Theodor Heuss was born on January 31, 1884 in Brackenheim. After studying economics and various humanities in Munich and Berlin, he initially worked as a journalist and editor for various newspapers.
From 1903, he was a member of various social-liberal groups and was a founding member of the German Democratic Party in 1918. The following year, he became a member of the Berlin-Schöneberg town hall. With interruptions, he also sat in the German Reichstag from 1924 to 1933.
During the National Socialist era, he continued to work as a journalist, but was banned from publishing in 1942. He then published mainly biographical articles under the pseudonym Thomas Brackheim.
After the war, he set up the Rhein-Neckar-Zeitung with American approval. In September 1945, the military government appointed him Baden-Württemberg's first Minister of Culture.

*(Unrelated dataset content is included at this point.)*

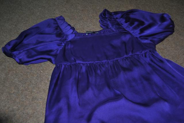 Violetinės spalvos, dydis manyčiau nuo M iki L, bet tiktų ir S/M.

After several years in the state parliament and a temporary professorship for history in Stuttgart, he worked as a member of the Parliamentary Council for the newly founded Free Democratic Party of Germany on the creation of the Basic Law.
After the founding of the Federal Republic of Germany, he was elected as the first Federal President in September 1949 - supported by a majority of conservative and liberal parties in the Federal Assembly. Heuss made his inaugural visit to Hesse in December 1949, during which he was received by Lord Mayor Redlhammer in Wiesbaden Town Hall on December 7.
In his speech on the occasion of the entry in the Golden Book, he stated that the municipalities were more important than the federal states. As the nuclei of civic life and thus of economic life, the establishment of local self-government after the war had to have top priority. Only in this way could the conditions for the existence of a new nation be created.
Theodor Heuss died in Stuttgart on December 12, 1963.